[Opening Material to process section]
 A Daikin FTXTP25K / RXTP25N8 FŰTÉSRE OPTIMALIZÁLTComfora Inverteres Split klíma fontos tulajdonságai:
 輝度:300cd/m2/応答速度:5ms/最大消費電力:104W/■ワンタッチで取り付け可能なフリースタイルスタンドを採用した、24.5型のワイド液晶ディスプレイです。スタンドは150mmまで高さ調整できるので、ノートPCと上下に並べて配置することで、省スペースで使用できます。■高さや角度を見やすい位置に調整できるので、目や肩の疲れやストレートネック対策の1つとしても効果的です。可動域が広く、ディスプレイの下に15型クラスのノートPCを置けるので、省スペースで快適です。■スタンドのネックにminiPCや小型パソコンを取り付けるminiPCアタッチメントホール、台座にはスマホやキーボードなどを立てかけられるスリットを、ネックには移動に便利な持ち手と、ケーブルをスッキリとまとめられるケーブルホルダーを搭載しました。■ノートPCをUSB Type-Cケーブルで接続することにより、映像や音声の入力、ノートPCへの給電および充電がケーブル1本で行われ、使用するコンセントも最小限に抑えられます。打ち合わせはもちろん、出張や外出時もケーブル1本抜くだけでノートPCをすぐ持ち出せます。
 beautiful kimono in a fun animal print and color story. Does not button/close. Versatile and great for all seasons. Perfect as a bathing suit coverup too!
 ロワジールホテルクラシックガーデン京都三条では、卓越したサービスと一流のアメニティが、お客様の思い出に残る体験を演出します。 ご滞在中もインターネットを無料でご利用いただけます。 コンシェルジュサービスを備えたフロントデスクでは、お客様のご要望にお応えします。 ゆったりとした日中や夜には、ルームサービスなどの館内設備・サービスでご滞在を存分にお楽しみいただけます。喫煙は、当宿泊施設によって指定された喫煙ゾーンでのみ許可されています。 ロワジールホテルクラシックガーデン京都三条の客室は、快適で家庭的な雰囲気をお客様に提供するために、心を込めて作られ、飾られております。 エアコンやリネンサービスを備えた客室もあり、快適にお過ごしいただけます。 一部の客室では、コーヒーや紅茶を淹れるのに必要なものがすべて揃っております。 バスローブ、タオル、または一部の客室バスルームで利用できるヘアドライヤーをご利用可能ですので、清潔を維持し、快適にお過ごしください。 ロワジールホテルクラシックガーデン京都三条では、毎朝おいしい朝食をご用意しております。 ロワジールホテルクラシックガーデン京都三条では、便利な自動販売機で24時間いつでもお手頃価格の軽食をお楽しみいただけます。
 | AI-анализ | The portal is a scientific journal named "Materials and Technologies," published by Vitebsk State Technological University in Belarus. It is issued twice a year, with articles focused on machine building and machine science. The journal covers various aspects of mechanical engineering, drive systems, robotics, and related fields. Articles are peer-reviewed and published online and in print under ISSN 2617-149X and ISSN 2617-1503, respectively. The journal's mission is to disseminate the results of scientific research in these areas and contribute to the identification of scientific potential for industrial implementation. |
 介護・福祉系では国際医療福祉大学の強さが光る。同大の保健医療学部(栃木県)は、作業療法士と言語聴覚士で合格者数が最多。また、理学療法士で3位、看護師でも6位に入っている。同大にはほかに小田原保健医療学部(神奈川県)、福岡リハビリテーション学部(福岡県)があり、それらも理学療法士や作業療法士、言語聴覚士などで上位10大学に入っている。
[Closing Material to process section]
*What the task requires*. Your answer should be the lines from the one containing "industrial implementation. |" through the end of the records, both included, output exactly and with nothing added.

*Final answer*.
 | AI-анализ | The portal is a scientific journal named "Materials and Technologies," published by Vitebsk State Technological University in Belarus. It is issued twice a year, with articles focused on machine building and machine science. The journal covers various aspects of mechanical engineering, drive systems, robotics, and related fields. Articles are peer-reviewed and published online and in print under ISSN 2617-149X and ISSN 2617-1503, respectively. The journal's mission is to disseminate the results of scientific research in these areas and contribute to the identification of scientific potential for industrial implementation. |
 介護・福祉系では国際医療福祉大学の強さが光る。同大の保健医療学部(栃木県)は、作業療法士と言語聴覚士で合格者数が最多。また、理学療法士で3位、看護師でも6位に入っている。同大にはほかに小田原保健医療学部(神奈川県)、福岡リハビリテーション学部(福岡県)があり、それらも理学療法士や作業療法士、言語聴覚士などで上位10大学に入っている。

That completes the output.